Pressurized cavings shale:
Cavings related to wellbore stability and breakout pressure. The Cavings shale is (Splintery, elongated, angular & needle shape) It’s considered pressurized cavings shale which is occurred when the drilling became underbalanced (this occurs when the pressure in the wellbore is lower than the pressure of the surrounding rock formations) and the overbalance while drilling is insufficient which is recommend to the following actions: 
1- Increase MW to control on/overcome this pressurized cavings shale. 
2- Reduce filtrate fluid loss (water loss) as much as we can to be <3-2.6mL in order to minimize swelling rate occurred because of absorption of water inside the formation. 
 

What is clay swelling means?
This may occur, because clays are normally saturated with brine water and not with fresh water. This swelling can be prevented with the injection of some additive, for example, sodium chloride, potassium chloride, calcium chloride, or an alcohol or a similar organic material. Practically, before entering inside the formation, we have to reduce filtrate loss and increase KCl as high as possible in a mud and drill this zone with low ROP.
 

What is overpressure?
When drilling shales, the drilling rate normally decreases with depth as the shales become more compact. If the ROP suddenly increases, it can be inferred that an overpressured zone is being encountered. The rate increases because bottom hole conditions change from overbalanced to underbalanced. Undercompacted shales associated with overpressured zones have a much lower electrical resistivity than normally compacted shales. ECD is close to pore pressure (Stop for flow check / Connection Gas  / Cavings).

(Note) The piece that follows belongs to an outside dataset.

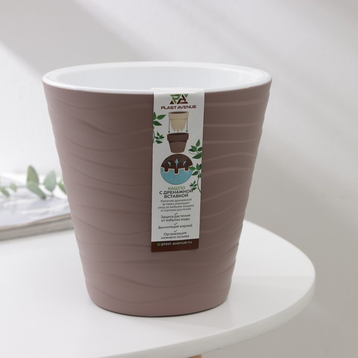 Кашпо для цветов со вставкой «Валенсия», 2 л, цвет мокко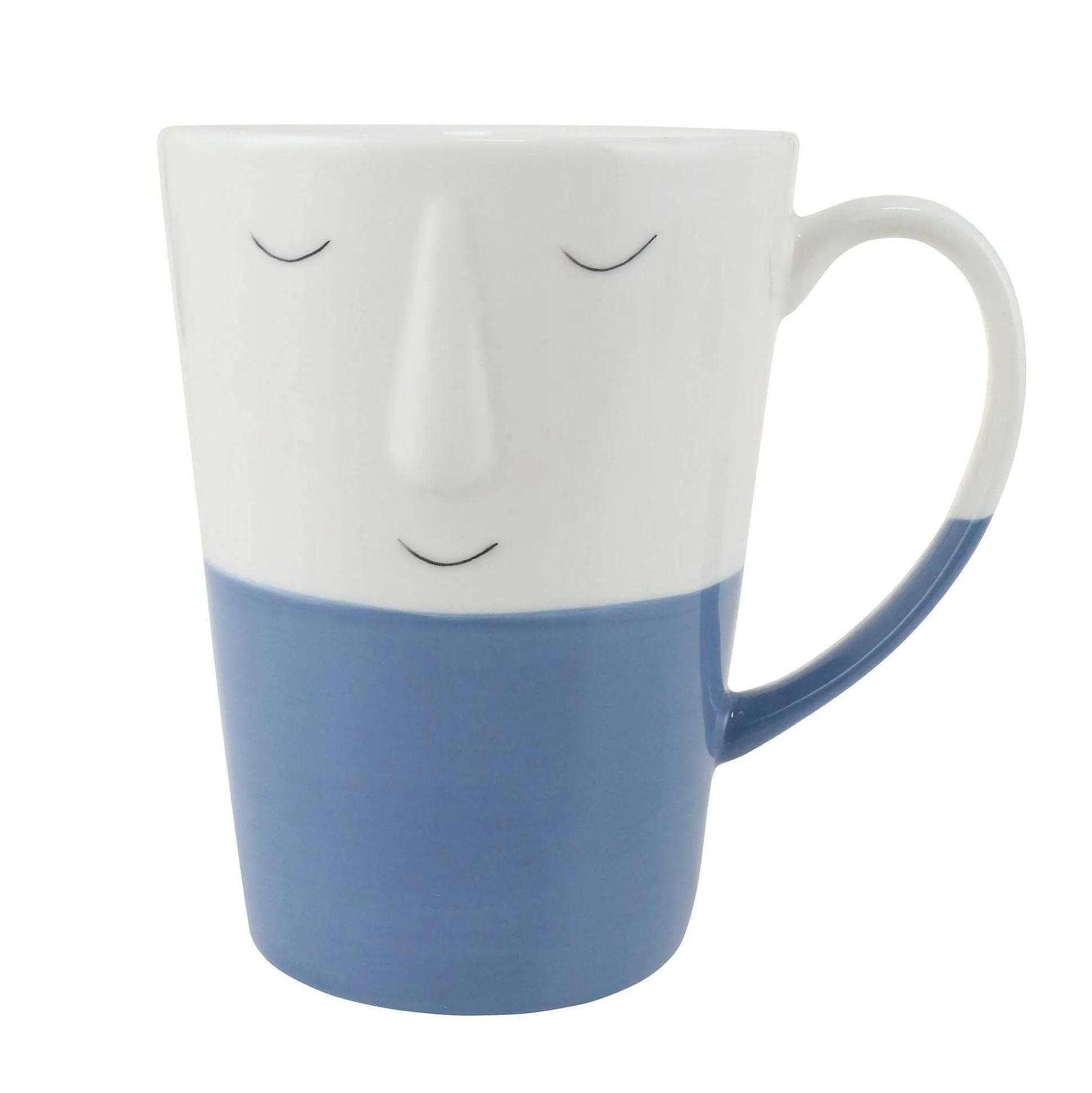 This Sweetly Smiling 12 Oz Cup Is A Part Of A Collection Of Family Mugs From Our Name Is Mud. Sculpted With A Relaxed Expression, The Cup Features Dad’s Calming Charm. Half Dipped In Blue Paint, This Mug Is Labeled Dada On The Back.

What is the difference between pore pressure and formation pressure?
PP refers specifically to the pressure of the fluids within the pores of a rock formation. These fluids can be water, oil, gas, or a combination of all three.
FP refers to the pressure of all the fluids and rock matrix within a formation. This includes the pore pressure, as well as the pressure of any fluids that are trapped in fractures or other discontinuities within the rock.
In most cases, the pore pressure and the formation pressure will be the same. However, there can be some situations where the two pressures are different. For example, if a formation contains a lot of fractures, the pressure of the fluids in the fractures may be higher than the pressure of the fluids in the pores. In this case, the formation pressure would be higher than the pore pressure.
 

Pore Pressure Prediction?
There are several methods in order to build geopressure (pore pressure, vertical stress, fracture gradient) or geomechanics (+ SH, Sh, failures, rock mechanics) model.
– Well Log data: analyzing various well log data like Sonic, Resistivity, Density and drilling data – D-exponent, we can identify pressure related trends. Sonic is the best approach because the fluid does not affect the measurements.
– Seismic methods: Utilizing seismic data converted to interval transit time (compressional slowness, DTCO=1/Seismic velocity), which correlate with effective stress and thus pore pressure.
Popular Pore Pressure Prediction Technique:
– The more common and probably more accurate method is the Eaton method (resistivity and sonic) based on shale compaction trends and also takes into effect vertical tectonic stress in the form of the overburden stress. The steps of method:
– Establish normal depth trend in measured property in shales;
– Find the value of the property at the depth where you want to know the pressure;
– Use normal trend line to find the value we would normally expect this depth (Normal Compaction Trend – Basic requirement for early detection of abnormal pressure. The NCT line will represent the normal pore pressure value. It is important to note that a Normal Compaction Trend can be shifted to compensate for unconformities, hole size, hydraulics, hole angle, bit type so as to appear faulted, for this reason the NCT is applied in intervals);
– Calculate effective pressure from Eaton equation and then calculate pore pressure from effective pressure and total pressure (overburden): Pp=Poverburden-Peff.
There is one more popular method: Bowers utilize sing sonic logs to predict pore pressure. 


What is D-exponent?
Normalized ROP or formation drillability which is calculated by drilling rate, weight on bit, rotating speed and bit diameter. For corrected D exp needs to know MW or ECD. 
Where lithology is constant, ‘d’ Exponent will represent:
– the state of compaction (relative porosity);
– differential pressure
A decrease in ‘d’ while drilling in an argillaceous formation is thus related to the degree of undercompaction and of the associated abnormal pressure.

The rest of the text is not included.